Alexey Popkov said...

I have included your color alphabet and a set of 64 maximally dissimilar colors in my compilation here:

http://graphicdesign.stackexchange.com/a/3815/946

Tatarize said...

It took the better part of week to do all the calculations for that in LABd2000 color distance, brute force style. So it's nice to see them get more out there.

And each additional color was simply the maximally distinct color from all the previous colors.

So run all 16 million RGB values against all previous colors. And find the one most distinct from the others and repeat.

Which I mention because there might be better solutions for a specifically bounded number of colors. Like the absolute best 20 colors using something akin k-means itself. A pareto-optimal solution of a set size might be better than one of an unknown size that simply solves additional points as they come.

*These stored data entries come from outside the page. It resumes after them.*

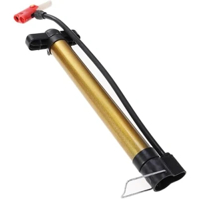 Portable hand pump for inflating the wheels of all types of bicycles/mountain bikes - compatible with small/large valve (Schrader and Presta) Total length 30 cm, supplied with hose and double head inflation port (small and large valve) Random colour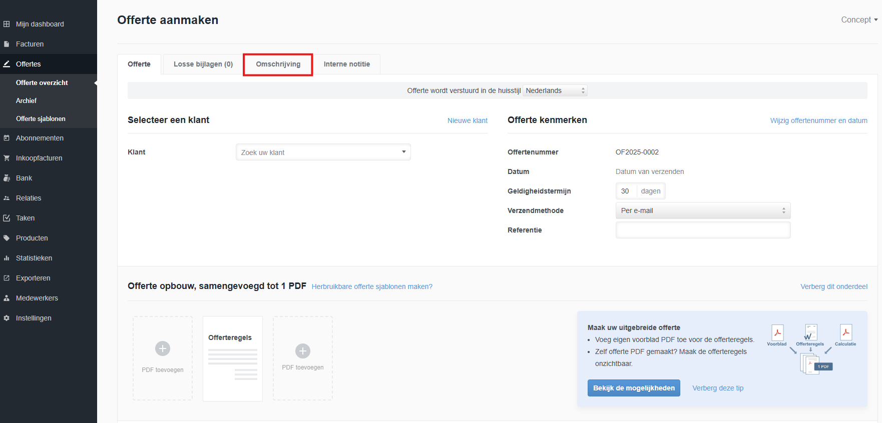 Op de offerteaanmaakpagina kunt u de gewenste tekst bovenin ingeven in het tabblad "Omschrijving".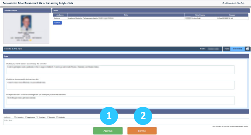 - An email will then be sent to the Student to notify them that their pathway has been approved. - If the Academic Mentor would like the Student to edit their submission (e.g. provide more detail), they can scroll to the bottom of the page and click Revise.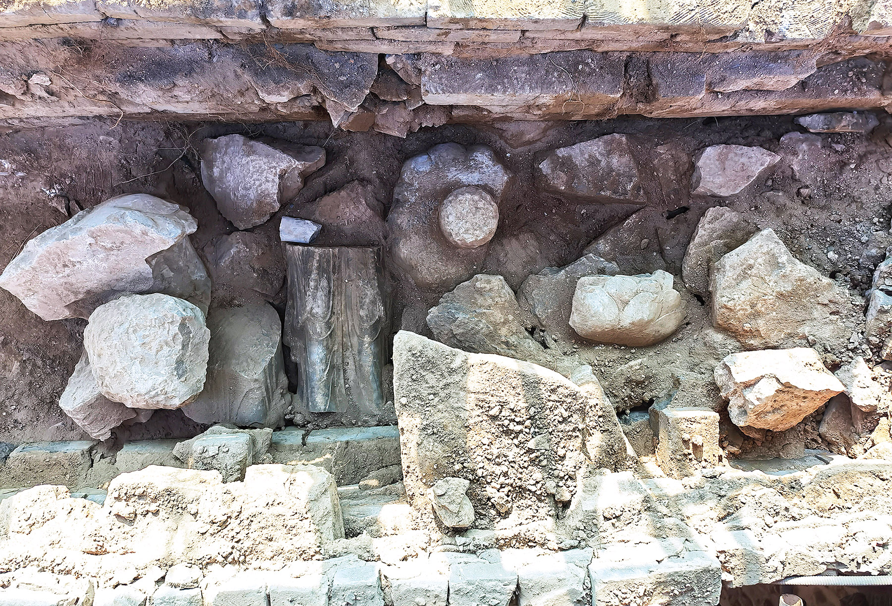Stone carvings, other objects uncovered within a wall at Longmen Grottoes during renovation work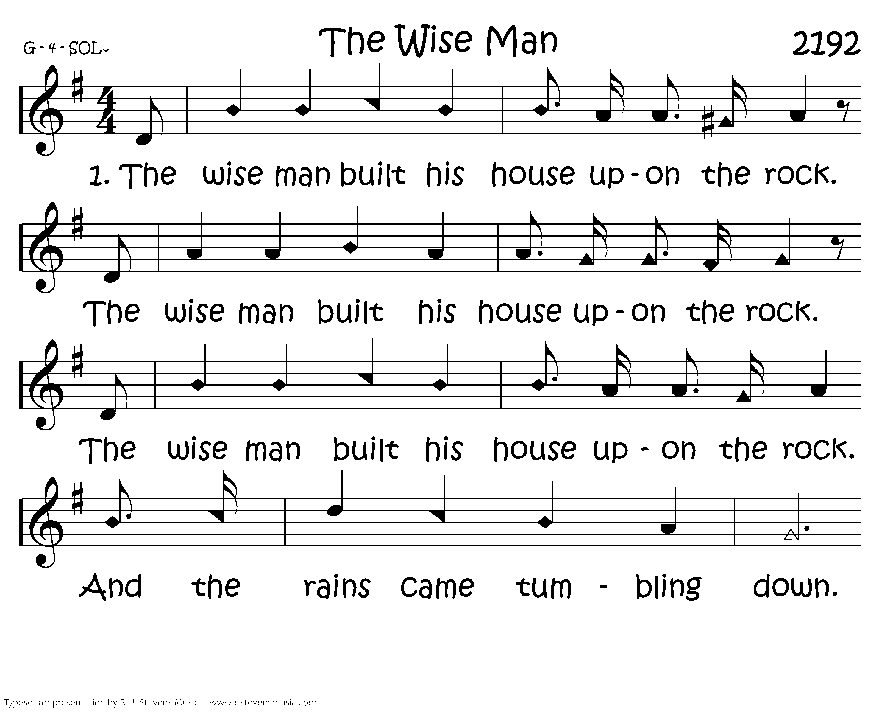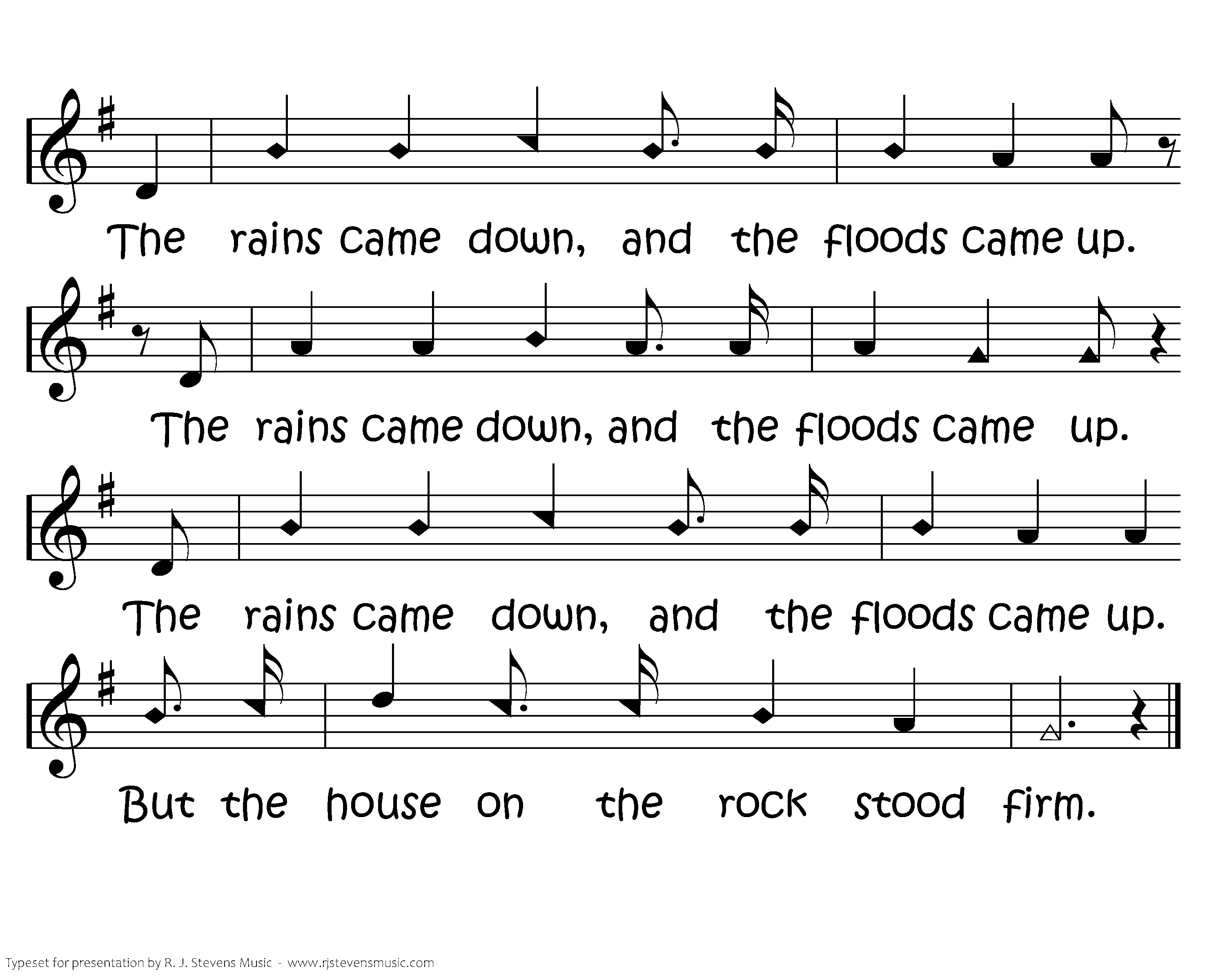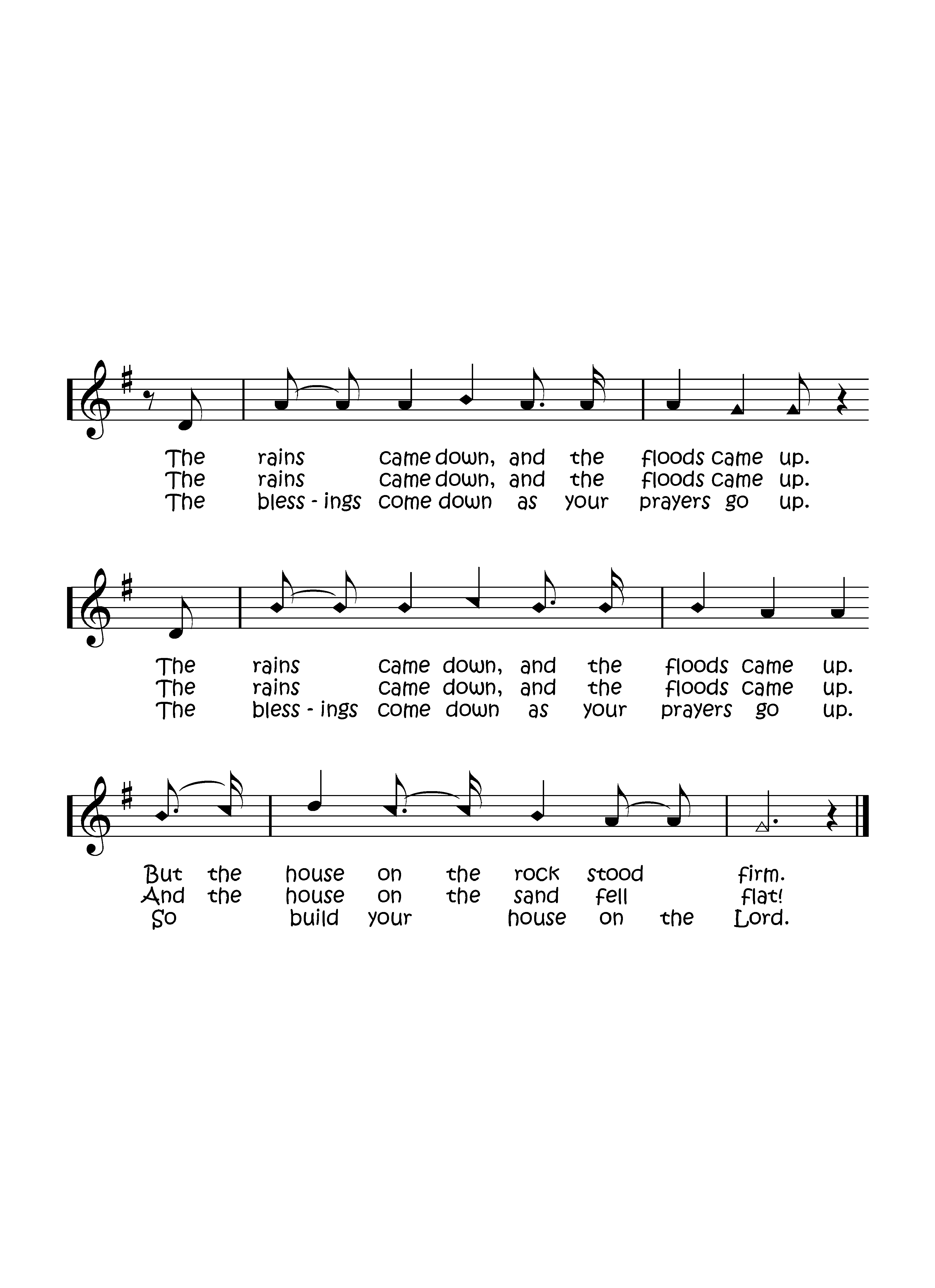 The wise man built his house upon the rock. The wise man built his house upon the rock. The wise man built his house upon the rock. And the rains came tumbling down. The rains came down, and the floods came up. The rains came down, and the floods came up. The rains came down, and the floods came up. And the house on the rock stood firm.

I had thought to code up the set for 20 or 25 or so where it starts looking overly similar, but then there are considerations like people who suffer from color blindness. And the absolute best suggestion to the problem I've come across is to use something other than color to make data items visually distinct. Shape, dashes through them, outside color/inside color combinations, candy-cane striping, letters of the alphabet (there's more than 20 of those).

These not only help solve the problem but work for everybody rather than those with standard gamuts. So much so that I think any answer without such suggestion is fundamentally flawed.

Tatarize said...

http://jfly.iam.u-tokyo.ac.jp/color/

Alexey Popkov said...

Thanks for the link, authors make very good points.